Reputation: 1540
I use the python HTCondor api with the simple parallel task:
with schedd.transaction() as shedd_transaction:
sub = htcondor.Submit(
{
"universe": "parallel",
"executable": "/bin/ping",
"machine_count": "1",
"request_cpus": "0",
"error": ".test.err",
"output": ".test.out",
"log": ".test.log",
"should_transfer_files": "NO",
"transfer_executable": "False",
"run_as_owner": "True",
"+Owner": f'"user"',
"+ParallelShutdownPolicy": "WAIT_FOR_ALL",
}
)
res = sub.queue_with_itemdata(
shedd_transaction,
1,
iter(
[
{
"arguments": "-c3 127.0.0.1",
"initial_dir": "/tmp/tmp1",
},
{
"arguments": "-c10 127.0.0.1",
"initial_dir": "/tmp/tmp2",
},
]
),
)
And after watch -n 0.5 condor_q -nobatch -verbose -allusers
command I see:
The job with the 2.1
id ends prematurely! Why is this happening?

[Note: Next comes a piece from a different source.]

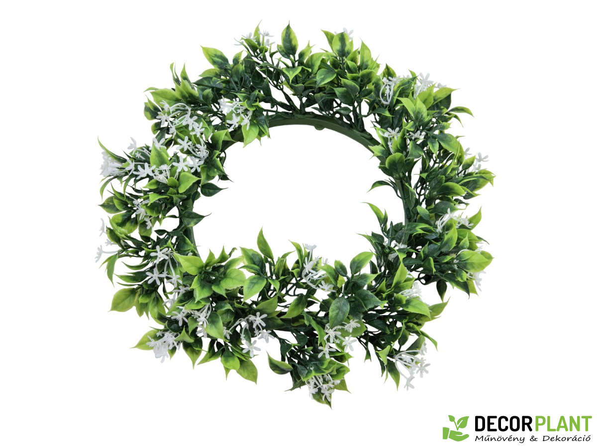 Az Europalms mesterséges jázminkoszorúja körülbelül 30 cm átmérőjű. Zöld lombozata és dekoratív fehér virágai teljes egészében PE-ből készültek, ezért kültéri használatra is kiválóan alkalmasak. Ajtókoszorúként várja látogatóit és vásárlóit, vagy mint egy reprezentatív díszítőelem, amely pillanatok alatt vonzó nyári hangulatot kölcsönöz erkélyének, teraszának vagy nappalijának. A koszorú keresztelők vagy esküvők asztali díszeként is ideális.

The output of condor_q -analyze
during task execution:
root@b0d6b2e00bc8:/# condor_q -analyze 2
007.000: Job is running.
Last successful match: Mon Jul 29 18:47:50 2019
007.000: Run analysis summary ignoring user priority. Of 3 machines,
0 are rejected by your job's requirements
0 reject your job because of their own requirements
2 match and are already running your jobs
0 match but are serving other users
1 are able to run your job
007.001: Job is running.
007.001: Run analysis summary ignoring user priority. Of 3 machines,
0 are rejected by your job's requirements
0 reject your job because of their own requirements
2 match and are already running your jobs
0 match but are serving other users
1 are able to run your job
Upvotes: 0
Views: 377
Reputation: 610
This was actually answered on the htcondor-user mailing list.
"+ParallelShutdownPolicy": f'"WAIT_FOR_ALL"',
should do trick by making the argument value a quoted string.
Upvotes: 1